Chatfield hopes to roll out more Meals on Wheels
CHATFIELD — It’s just after noon, and a knock on Kathryn Wright-Lorch’s Lakewood Senior Housing apartment door means her daily Meals on Wheels delivery has arrived.
Meals on Wheels delivers hot, nutritious meals to homes of residents who are not able to prepare or easily access healthy food.
“The benefit for me is that I can’t cook much,” Wright-Lorch said. “I get roast meat, vegetables and dessert every day. They really spoil me.”
The 68-year-old shut-in used to eat food from cans warmed up in the microwave since she has trouble accessing the oven, cooking often and getting out to get groceries. But her social worker coordinated with Meals on Wheels to deliver meals — which can feature spaghetti, tater tot hotdish, mashed potatoes and gravy, fresh fruit, salad, soup, desserts and more — to Wright-Lorch in her Chatfield apartment.
While she lives in a town of 2,700, she’s one of less than five clients who take advantage of the program; There were only two deliveries Monday. In comparison, St. Charles delivers to 30-40 clients, Rushford has 20-25, and Lanesboro, with a population of 732, serves 15-20.
If Chatfield’s program were to stop, Wright-Lorch said she would be stuck.
“It would be horrible! I’d go so hungry, I’d be skin and bones,” she said. “I really need the meal.”
Semcac senior nutrition program coordinator Carolyn Freese said the meals are meant to support people exactly like Wright-Lorch. But within the last year, Chatfield’s number of clients has dropped more than 75 percent.
“It happened really quickly. They were a pretty solid program, but it’s just been plummeting,” Freese said. “I want to revive it if at all possible, and I think some of it is that people just aren’t aware that the program exists. We basically rely on word-of-mouth.”
According to Freese, the Meals on Wheels program as a whole delivers about 80,000 meals a year to 660 different clients in eight southeastern Minnesota counties. Chatfield averaged about six meals a day in September, with 110 meals delivered that month.
“I wouldn’t be surprised for a town like Chatfield to have 20-25 meals going out, because they’re that large of a community,” she said. “I think some of it is some people don’t understand the program.”
Meals on Wheels is open to anyone 60 and older who needs a meal delivered to their home. While specific qualifications can vary by location, Chatfield’s services, supported by the Older Americans Act, is not finance-based or only for low-income individuals. Clients have the opportunity to donate for their meals, but no one is denied due to an inability to pay. The meals are delivered Monday through Friday, with extra meals provided for the weekends if requested.
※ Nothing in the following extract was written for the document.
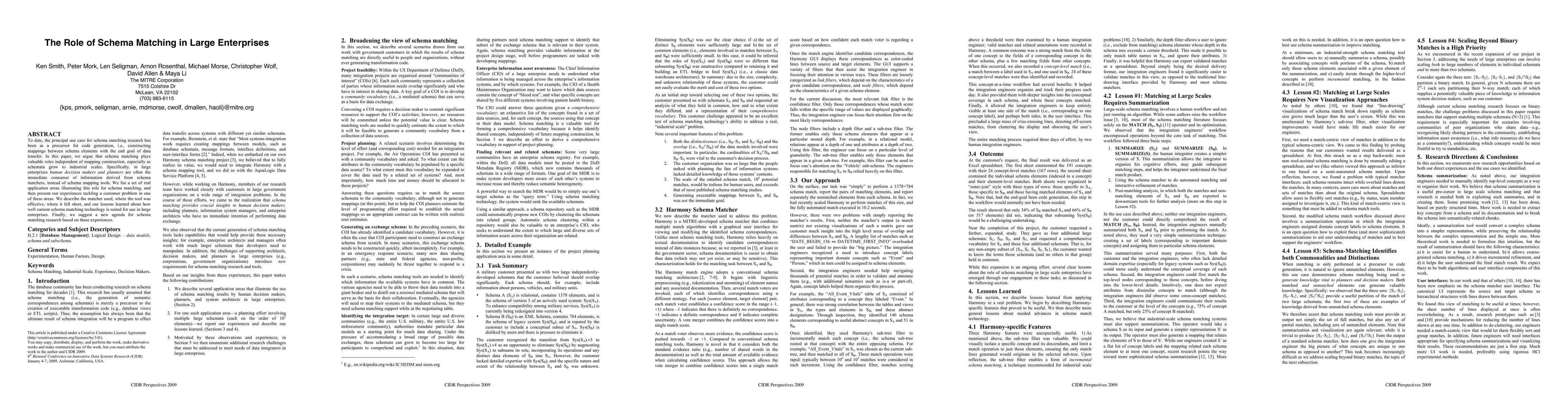 This paper explores the significance of schema matching beyond code generation, highlighting its critical role in large enterprises where human decision makers rely on schema matchers directly. The authors present real-world applications and lessons learned from a customer problem, suggesting a new research agenda for schema matching technology.

Under certain circumstances, the service also provides meals for people with disabilities or recovering from illness and those discharging from a hospital or care center.
Freese said the program can’t be adequately used if people simply don’t know about it.
“I think some of it deals with families being farther away from their loved ones, so they’re not as prone to see what’s going on with Mom and Dad as they used to be able to,” Freese said. “Because they used to live in the community, they knew what services were available, where I don’t think that’s the case anymore. When our people deliver that meal, they make sure that your loved one is safe in their home and they’re getting a hot meal. I think it’s just a really good pairing — it keeps them in their homes, and that’s where they want to be and where they’re most happy.”
While the number of clients in Chatfield is low, Freese said they have enough volunteers to serve many, many more.
“We figure (Meals on Wheels) has more than 1,200 volunteers who help, and they probably donate more than 51,000 hours in a year,” she said. “We have wonderful people willing to deliver the meals in Chatfield, but we can always use more. The more hands, the less the load. If we did not have an army of volunteers, there would be no Meals on Wheels program in any of our counties.”
Volunteers such as Sandy Gathje, who delivered to Wright-Lorch on Monday, are often coordinated through local churches. Gathje said she got involved through her ministry at Calvary Baptist Church, which has been involved in Meals on Wheels for several years. She thinks the program is important for the community and hopes it will continue and grow.
“If we were older and can’t get around, it would be nice to have someone pop in, deliver a meal and see how we’re doing,” Gathje said.